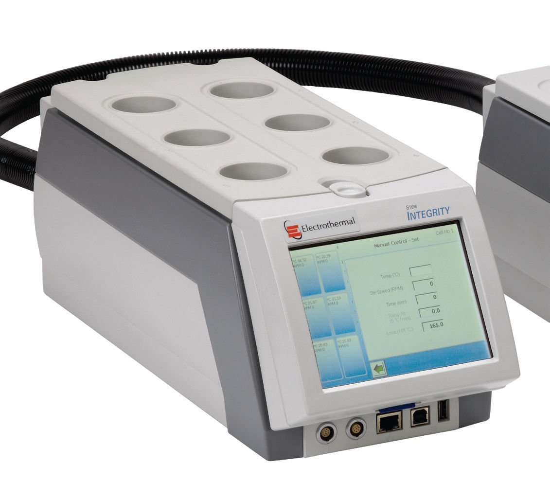 This accuracy can be maintained over a wide temperature range of -30°C to 150°C, with precise, independently controlled temperature profiles, and homogeneous sample mixing may be assured with stirring rates of between 350rpm to 1200rpm using powerful magnetic stirrers.
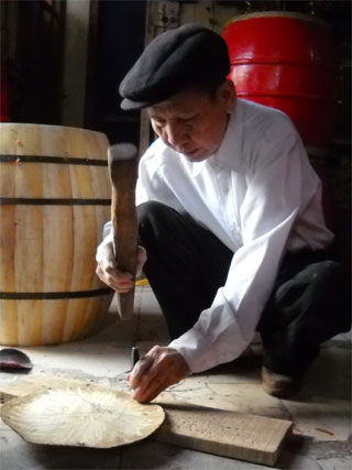 Nghệ nhân Phạm Chí Tịnh đang làm nhẵn tang trống để chuẩn bị căng mặt trống.
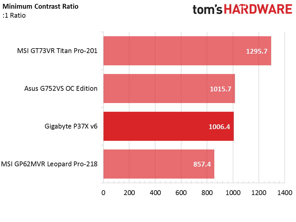 At 0% brightness, the P37X v6's display has a black luminance of 0.0143 cd/m2, a white luminance of 14.4406 cd/m2, and a contrast ratio of 1006.4:1. At 100% brightness, the display had a black luminance of 0.4336 cd/m2, a white luminance of 453.8345 cd/m2, and a contrast ratio of 1046.6:1.
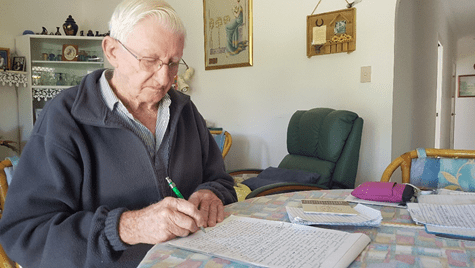 As Bev speaks he reminisces, sharing memories he speaks about his wife. Meeting Verina on the hockey field as teenagers, having dinner with the Governor-General when she was the NW QLD Commissioner of Girl Guides
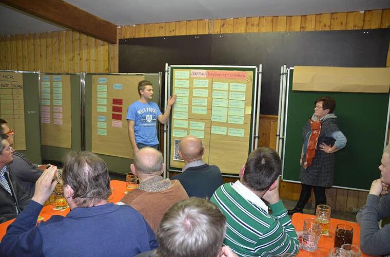 Die von den Teilnehmern erarbeiteten Vorschläge wurden von zehn Moderatoren vorgestellt und erörtert. In verschiedenen Schwerpunkten stellten sie den ihrer Meinung nach erstrebenswerten Soll-Zustand, dem Ist-Vergleich gegenüber. In den Vorschlägen fanden die zukünftige Gestaltung von Straßen, Brücken, des Grünbachs, des Dorfplatzes, ein Kinderspielplatz und vieles mehr, Berücksichtigung.
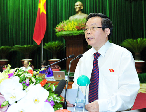 | Chủ nhiệm Ủy ban Tài chính-Ngân sách của Quốc hội Phùng Quốc Hiển trình bày báo cáo thẩm tra Dự thảo Luật sửa đổi, |
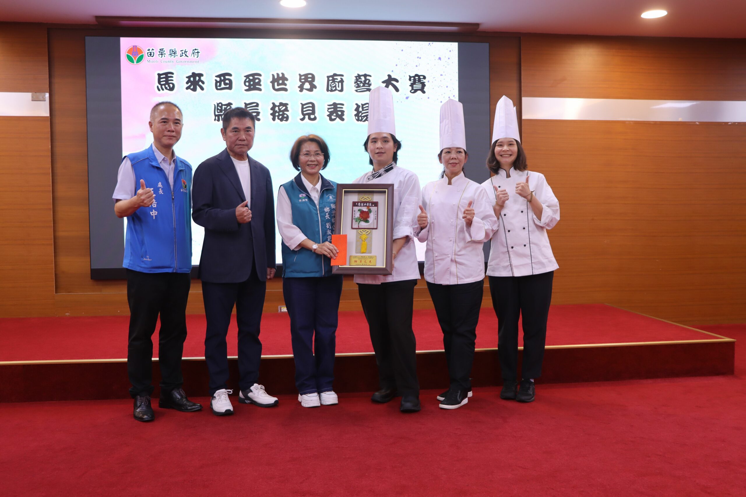 縣長鍾東錦親自頒發獎牌與榮譽證書,盛讚三位選手在比賽中展現的不僅是廚藝技巧,更是對家庭情感與文化記憶的深刻詮釋。他表示,這不只是一次比賽的勝利,更是苗栗在國際餐飲舞台上的一大突破。
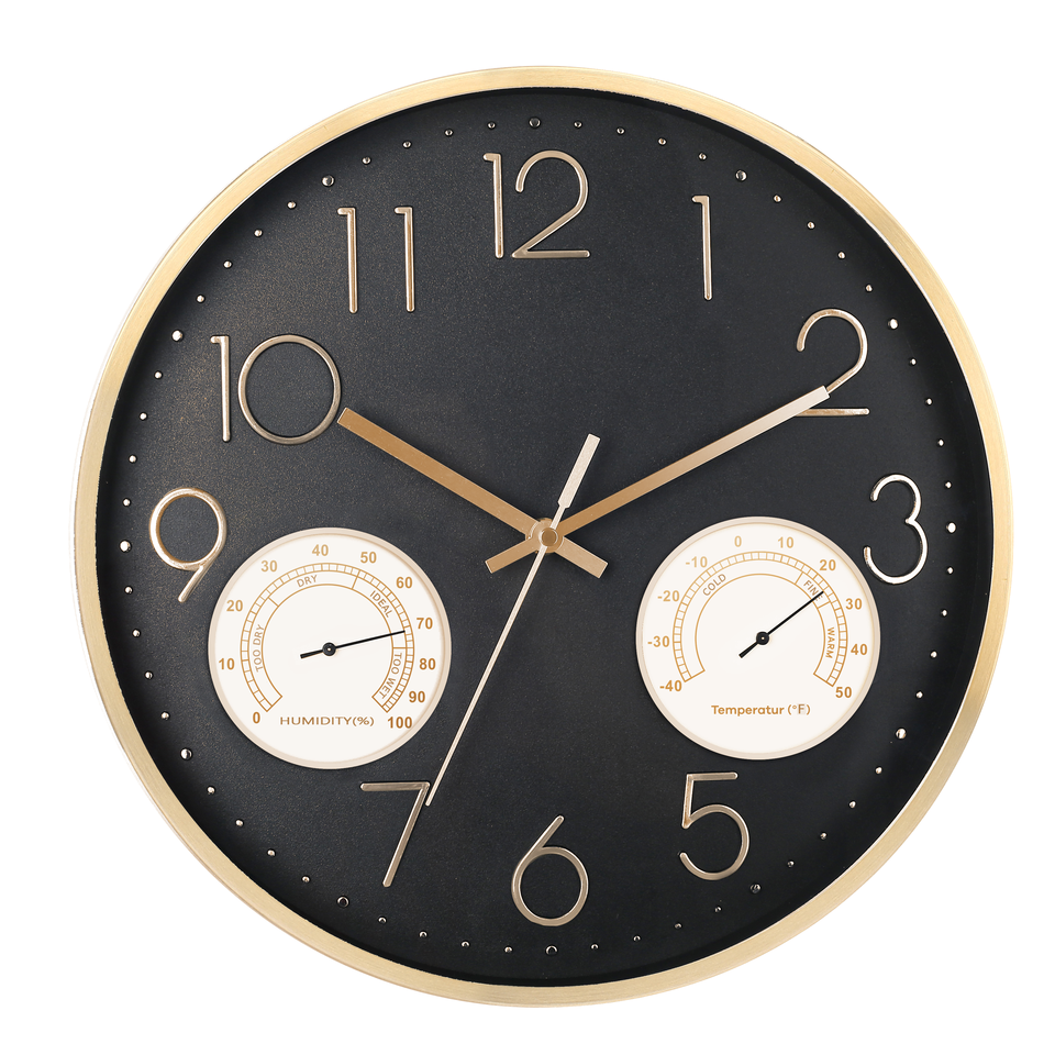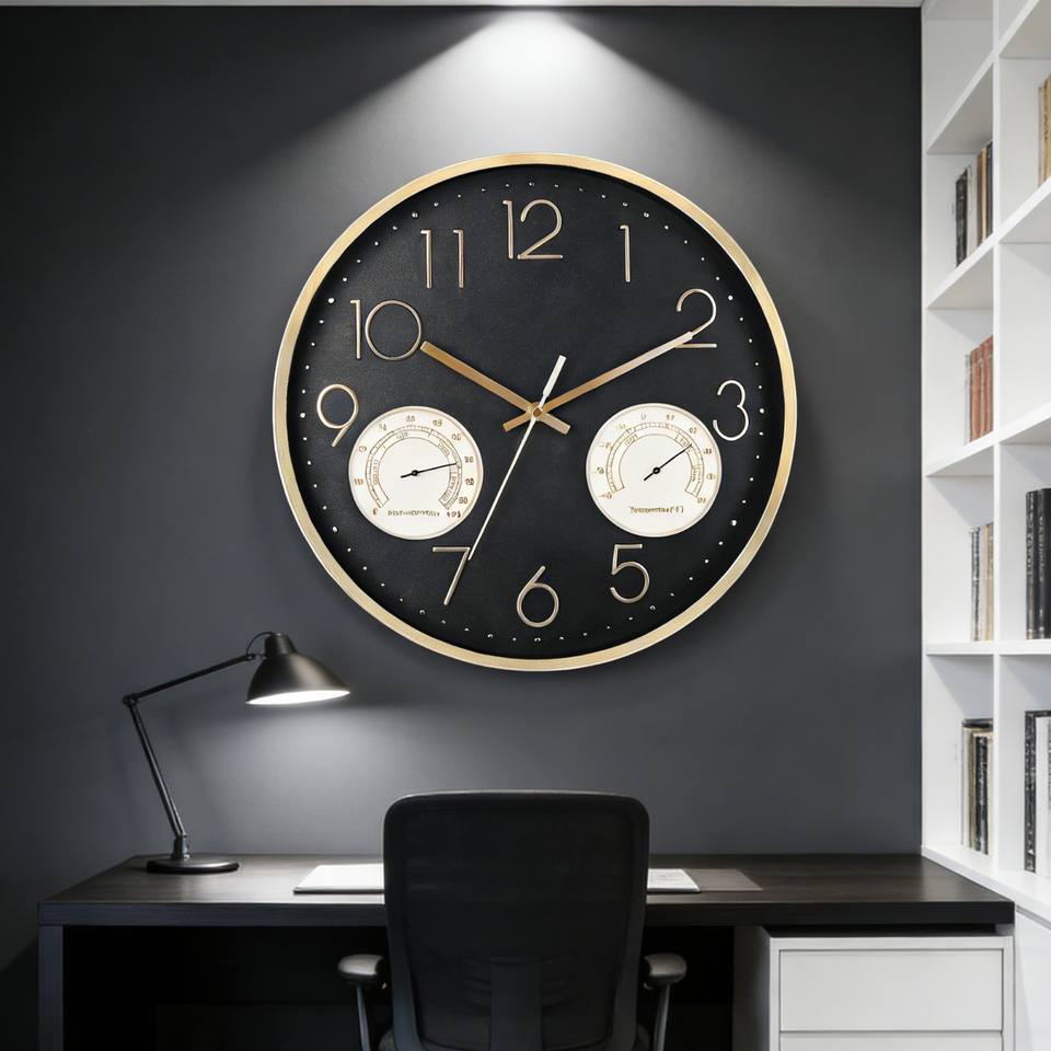 Horloge murale analogique à quartz silencieuse en métal noir et or de 14 pouces avec thermomètre et hygromètre, fonctionne sur piles
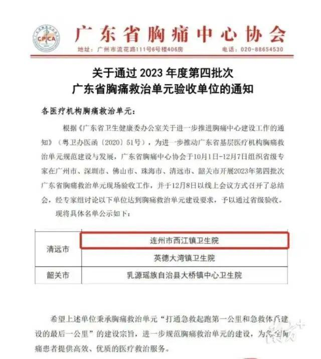 广东省胸痛中心协会日前发布了《关于通过2023年度第四批次广东省胸痛救治单元验收单位的通知》,连州市医疗总院西江镇分院(连州市西江镇卫生院)顺利通过省级验收。
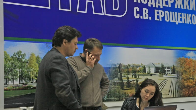 В начале одиннадцатого мы вернулись в штаб Сергея Левченко. Самого кандидата снова не застали. Однако на этот раз визит был более успешным, к нам вышел второй секретарь обкома КПРФ Евгений Рульков. Его телефон разрывался от звонков. При нас позвонили из Мамско-Чуйского района. «Впервые организовали вылет на Маму, наших членов комиссии, наблюдателей немножко там закрыли, – пояснил он. – Уже посчитано практически всё, даже на Маме почти равное количество голосов. Хотя там было высокое преимущество Ерощенко». В обкоме было тесно – шёл параллельный подсчёт голосов.
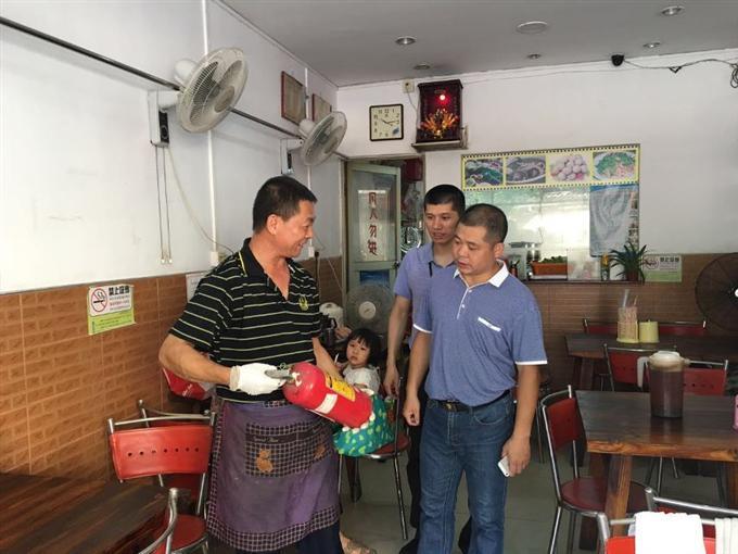 为提升辖区门店的消防安全意识,提高抗击突发事件的应变能力,掌握正确使用灭火器的方法,2016年6月15日莲塘社区安全专干和莲塘街道有关工作人员一起在辖区内开展灭火器使用宣传培训活动。活动中,工作人员向门店宣传预防火灾的重要性,详细地向员工传授常用消防设施和灭火器的使用:拿到灭火器后除掉铅封,拔掉保险销,上下颠倒几次,使筒内干粉松动,左手握着喷管,右手提着压把,在距火焰二米的地方,右手用力压下压把,左手拿着喷管卡左右摆动,使喷射干粉覆盖整个燃烧区,没有喷管的,直接将喷口对火焰后压下压把,左右摆动,也要使喷射干粉覆盖整个燃烧区。
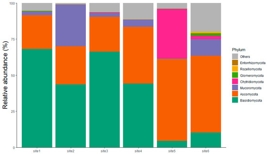 Phylum-level taxonomic composition of fungal communities from the six sampled sites. as determined by metabarcoding analysis. The relative abundance (%) of the fungal phyla is shown for each site. It is noted that Site 1 and Site 2 are located within Partially Serpentinized Peridotites (PSPs); Site 3 and Site 4 within Massive Serpentinites (MSs); and Site 5 and Site 6 within Foliated Serpentinite (FS). Basidiomycota (green band) and Ascomycota (orange band) represent the most abundant phyla across the sites.
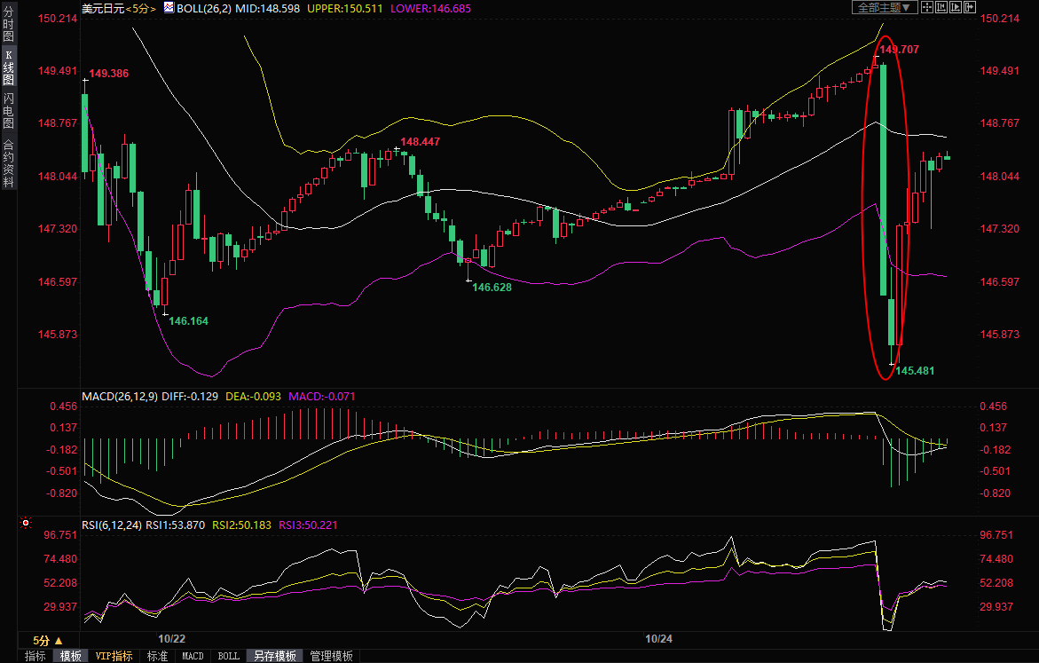美元兑日元5分钟图)
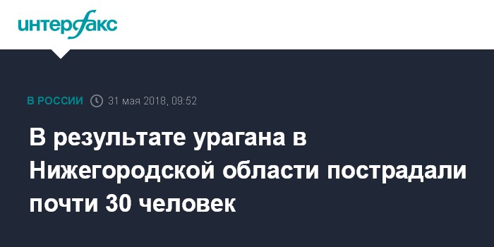 Москва. 31 мая. INTERFAX.RU - Почти 30 человек в Нижегородской области обратились за медицинской помощью после шторма, сообщает пресс-служба губернатора области в четверг.

▬▬▬▬▬▬

#### WHAT IS EXPECTED
Please give back all the records above word for word, with no pictures included.

#### ANSWER SECTION
 This accuracy can be maintained over a wide temperature range of -30°C to 150°C, with precise, independently controlled temperature profiles, and homogeneous sample mixing may be assured with stirring rates of between 350rpm to 1200rpm using powerful magnetic stirrers.
 Nghệ nhân Phạm Chí Tịnh đang làm nhẵn tang trống để chuẩn bị căng mặt trống.
 At 0% brightness, the P37X v6's display has a black luminance of 0.0143 cd/m2, a white luminance of 14.4406 cd/m2, and a contrast ratio of 1006.4:1. At 100% brightness, the display had a black luminance of 0.4336 cd/m2, a white luminance of 453.8345 cd/m2, and a contrast ratio of 1046.6:1.
 As Bev speaks he reminisces, sharing memories he speaks about his wife. Meeting Verina on the hockey field as teenagers, having dinner with the Governor-General when she was the NW QLD Commissioner of Girl Guides
 Die von den Teilnehmern erarbeiteten Vorschläge wurden von zehn Moderatoren vorgestellt und erörtert. In verschiedenen Schwerpunkten stellten sie den ihrer Meinung nach erstrebenswerten Soll-Zustand, dem Ist-Vergleich gegenüber. In den Vorschlägen fanden die zukünftige Gestaltung von Straßen, Brücken, des Grünbachs, des Dorfplatzes, ein Kinderspielplatz und vieles mehr, Berücksichtigung.
 | Chủ nhiệm Ủy ban Tài chính-Ngân sách của Quốc hội Phùng Quốc Hiển trình bày báo cáo thẩm tra Dự thảo Luật sửa đổi, |
 縣長鍾東錦親自頒發獎牌與榮譽證書,盛讚三位選手在比賽中展現的不僅是廚藝技巧,更是對家庭情感與文化記憶的深刻詮釋。他表示,這不只是一次比賽的勝利,更是苗栗在國際餐飲舞台上的一大突破。
 Horloge murale analogique à quartz silencieuse en métal noir et or de 14 pouces avec thermomètre et hygromètre, fonctionne sur piles
 广东省胸痛中心协会日前发布了《关于通过2023年度第四批次广东省胸痛救治单元验收单位的通知》,连州市医疗总院西江镇分院(连州市西江镇卫生院)顺利通过省级验收。
 В начале одиннадцатого мы вернулись в штаб Сергея Левченко. Самого кандидата снова не застали. Однако на этот раз визит был более успешным, к нам вышел второй секретарь обкома КПРФ Евгений Рульков. Его телефон разрывался от звонков. При нас позвонили из Мамско-Чуйского района. «Впервые организовали вылет на Маму, наших членов комиссии, наблюдателей немножко там закрыли, – пояснил он. – Уже посчитано практически всё, даже на Маме почти равное количество голосов. Хотя там было высокое преимущество Ерощенко». В обкоме было тесно – шёл параллельный подсчёт голосов.
 为提升辖区门店的消防安全意识,提高抗击突发事件的应变能力,掌握正确使用灭火器的方法,2016年6月15日莲塘社区安全专干和莲塘街道有关工作人员一起在辖区内开展灭火器使用宣传培训活动。活动中,工作人员向门店宣传预防火灾的重要性,详细地向员工传授常用消防设施和灭火器的使用:拿到灭火器后除掉铅封,拔掉保险销,上下颠倒几次,使筒内干粉松动,左手握着喷管,右手提着压把,在距火焰二米的地方,右手用力压下压把,左手拿着喷管卡左右摆动,使喷射干粉覆盖整个燃烧区,没有喷管的,直接将喷口对火焰后压下压把,左右摆动,也要使喷射干粉覆盖整个燃烧区。
 Phylum-level taxonomic composition of fungal communities from the six sampled sites. as determined by metabarcoding analysis. The relative abundance (%) of the fungal phyla is shown for each site. It is noted that Site 1 and Site 2 are located within Partially Serpentinized Peridotites (PSPs); Site 3 and Site 4 within Massive Serpentinites (MSs); and Site 5 and Site 6 within Foliated Serpentinite (FS). Basidiomycota (green band) and Ascomycota (orange band) represent the most abundant phyla across the sites.
美元兑日元5分钟图)
 Москва. 31 мая. INTERFAX.RU - Почти 30 человек в Нижегородской области обратились за медицинской помощью после шторма, сообщает пресс-служба губернатора области в четверг.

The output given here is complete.